In implementing, knowledge base can be pre-set, the knowledge base is the characteristic set of all-network daily record In feature according to setting ordering rule formed characteristic sequence.It is determined that the first numerical value and second value When, first the feature in the characteristic set of the network log is also formed into first according to the ordering rule of setting special Sequence is levied, and by the feature in the characteristic set of first data set also according to the ordering rule shape of setting Into second feature sequence;Again by the fisrt feature sequence and the second feature sequence respectively with it is set Knowledge base is compared, to form the first flag sequence and the second flag sequence, wherein, the first flag sequence It is identical with the length of set knowledge base with the length of the second flag sequence, and first flag sequence The bit sequence for only including 0 and 1 is with second flag sequence, wherein, first flag sequence Middle bit value be 1 bit it is corresponding be characterized as the feature that the network log is included, bit value is 0 Bit is corresponding be characterized as in the network log without feature;Bit value in second flag sequence For the 1 corresponding feature for being characterized as being included in the characteristic set of first data set of bit, bit value For 0 bit it is corresponding be characterized as in the characteristic set of first data set without feature.
Illustrate, it is assumed that by the characteristic set of network log according to the ordering rule of setting formed it is first special Levying sequence is:srcip,dstip,srcport,dspport,natsrcip,natdspip,username,describe;
The second feature sequence that the characteristic set of first data set is formed according to the ordering rule that sets as: srcip,dstip,srcport,dspport,username,appname,domain;
Set knowledge base is:srcip,dstip,srcport,dspport, natsrcip,natdspip,username,describe,appname,domain,netid,localinfo;
Then:The fisrt feature sequence is compared the first flag sequence to be formed with set knowledge base For:1,1,1,1,1,1,1,1,0,0,0,0;The second feature sequence compares to be formed with set knowledge base The second flag sequence be:1,1,1,1,0,0,1,0,1,1,0,0.Calculate above-mentioned first flag sequence and the second mark The bit number that same position is 1 in sequence is 5 (i.e. the first numerical value);Calculate above-mentioned first flag sequence and As long as it is 10 (i.e. second values) that same position has the bit number that is 1 in the second flag sequence.Calculate The characteristic set of the network log is 5/10=0.5 with the similarity of the characteristic set of first data set.

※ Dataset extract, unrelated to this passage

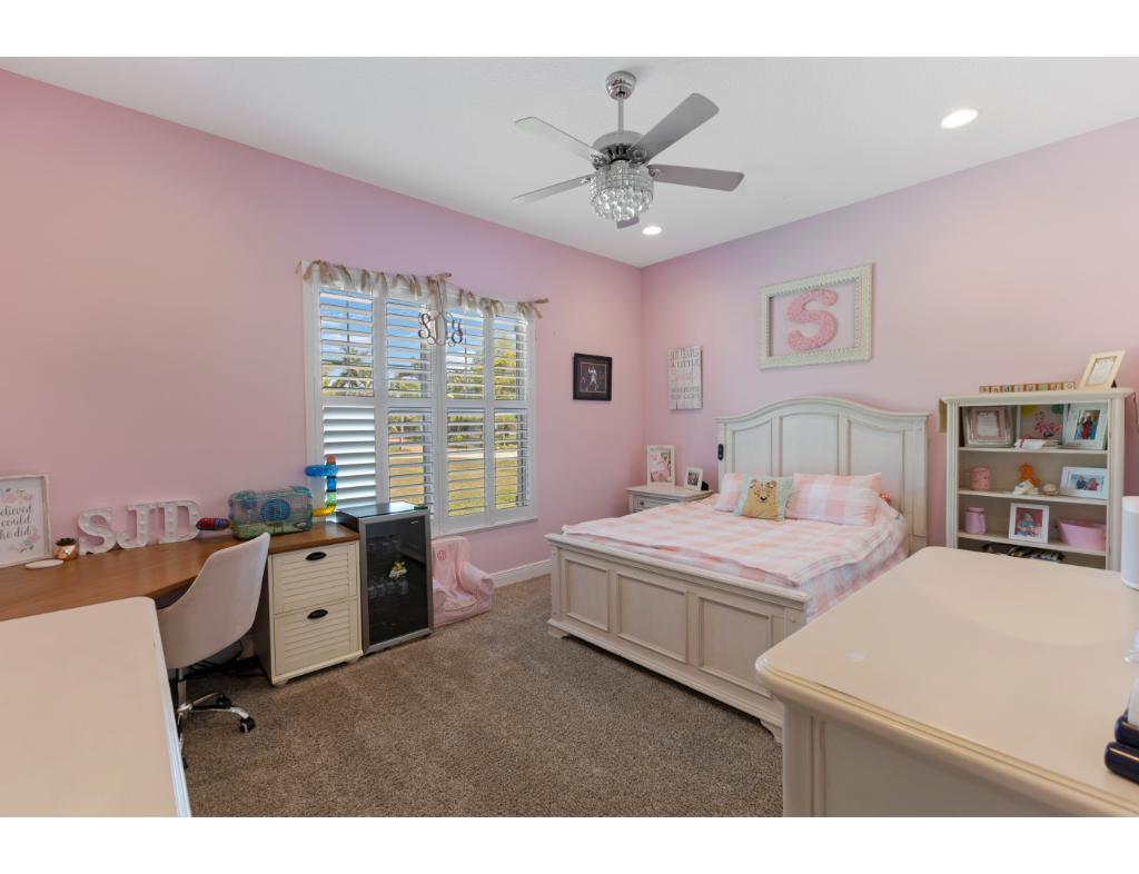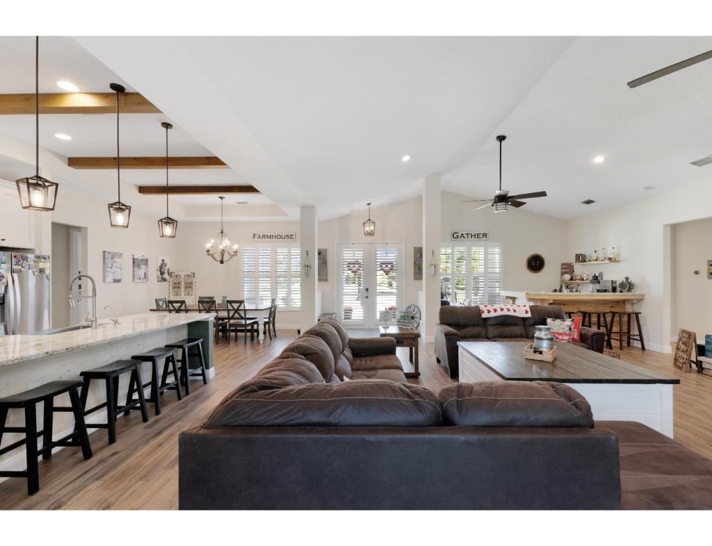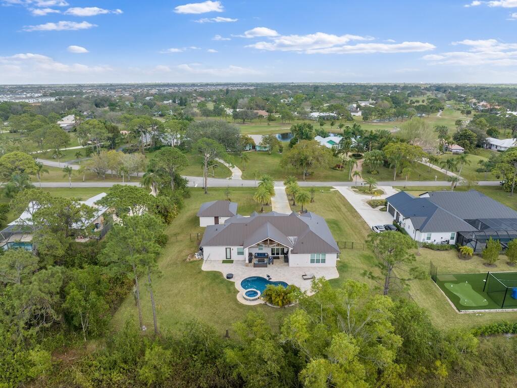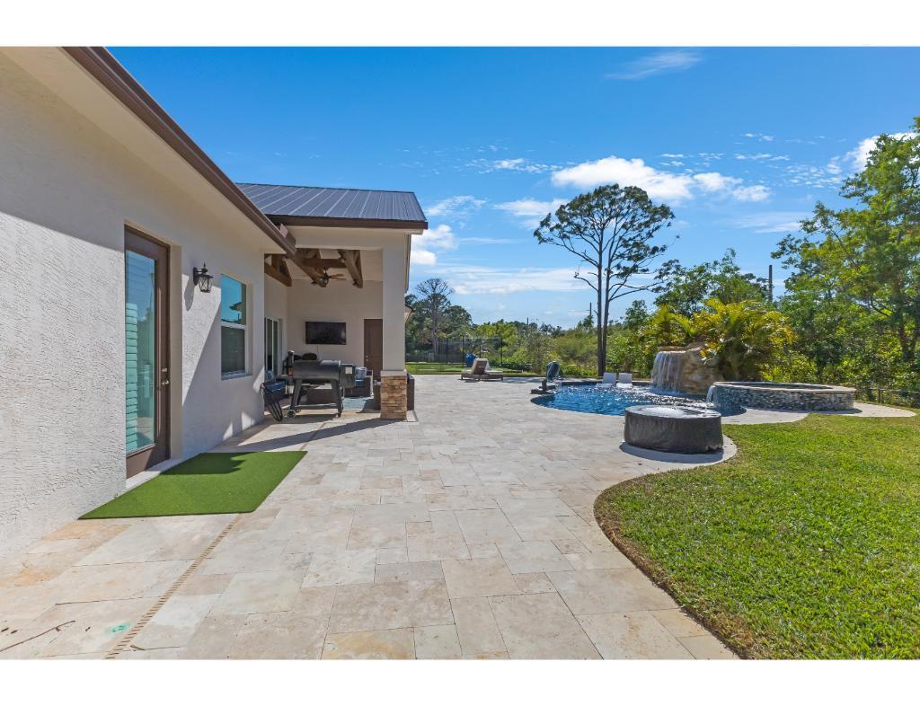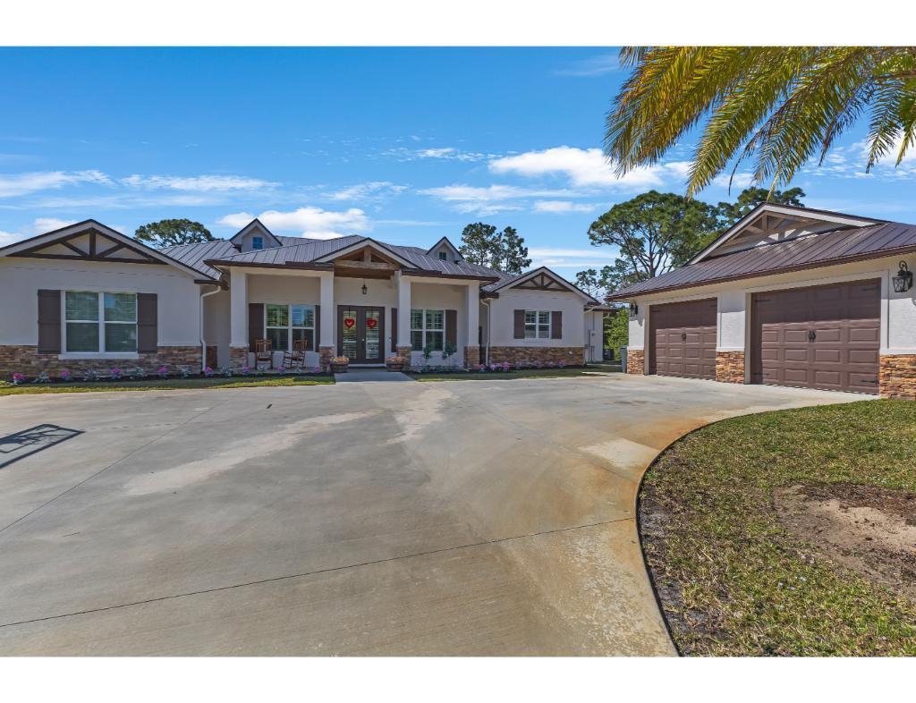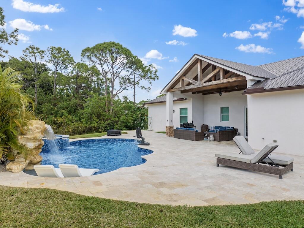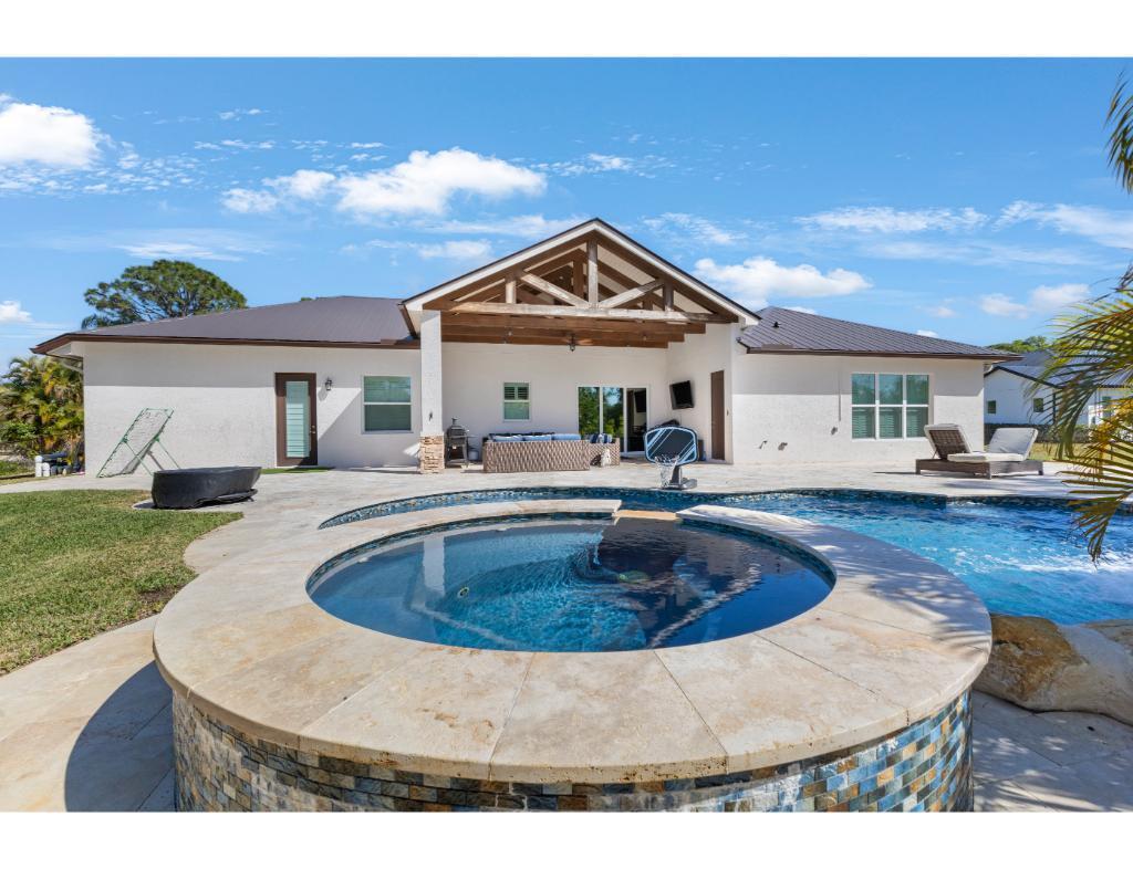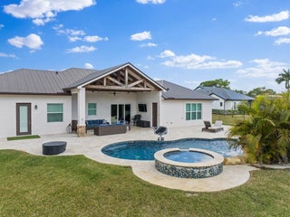 Welcome home! Discover this exceptional CBS residence in the highly sought-after Evergreen/Crane Watch neighborhood. This meticulously maintained property is situated on a 1-acre lot and was constructed in 2020. The home features 3 bedrooms, 2 1/2 bathrooms, an oversized detached 2-car garage, and a spacious flex room (19' x 10') suitable as a game room or 4th bedroom. Highlights include a metal roof, hurricane impact windows and doors, over 3,000 square feet of living space, and a custom pool with a built-in jacuzzi and rock waterfall. Additional amenities comprise a custom-built bar with a Granite Countertop and Plantation Shutters throughout.The versatile layout presents a stunning open great room with a vaulted ceiling and an exquisite island kitchen featuring high-quality custom wood cabinetry, stainless steel appliances, a stainless farmhouse-style sink, elegant wood beams, and a custom range vent hood. Adjacent to the kitchen, you will find a sizable walk-in pantry with solid wood shelving and ample storage. The home also offers a spacious laundry room with additional storage and a utility sink. The generous master bedroom boasts two large walk-in closets and an en-suite bathroom with a dual-sink vanity, a large soaking tub, and a separate shower. Stepping out onto the Travertine pool deck, you will appreciate the private, fully fenced backyard with its remarkable custom pool. This property represents a unique opportunity to own a truly distinctive home in a desirable neighborhood. Home next door, located at 5303 SW Bimini (RX-11058356) is also available-buy both and make a family compound! Room Sizes are approximate and subject to error, buyer to verify. Municipal County Water is coming to Evergreen and is currently being installed with an estimated completion time frame of 270 days!

Optionally, after in S13A by the network log merger to first data set, also include:
The characteristic set of the network log is defined as with the union of the characteristic set of first data set The characteristic set of first data set.
Specifically, after by the network log merger to first data set, in addition it is also necessary to described The characteristic set of one data set is updated, will the network log characteristic set and first data The union of the characteristic set of collection is defined as the characteristic set of first data set.
In the embodiment of the present invention, the classification tree that formed after being classified using aforesaid way as shown in figure 3, Classification one, classify second-class for father node, father node represents the data set to be formed, service class 1, service class 2 Deng for child node, child node represents the network log included in data set.
In the embodiment of the present invention, each data set is compressed and storage process in S14, including following three Plant triggering:
Mode 1, event A is triggered, i.e., in the number for meeting the network log for having stored, i.e. network day The bar number of will, after reaching the first threshold value of setting, triggering compression and storage are processed, specially:
After the number of the network log for having stored reaches the first threshold value of setting, for example, second Limit value can be 1000, data set each described is compressed and storage is processed.
Mode 2, event B is triggered, i.e., reach in the data volume sum for meeting the network log for having stored After second threshold value of setting, triggering compression and storage are processed, specially:
After the data volume sum of the network log for having stored reaches the second threshold value of setting, for example, Second threshold value can be 100M bytes, data set each described is compressed and storage is processed.
Mode 3, cycle is triggered, i.e., after each press cycles for setting arrives, at triggering compression and storage Reason, specially:
When the press cycles of setting arrive, data set each described is compressed and storage is processed.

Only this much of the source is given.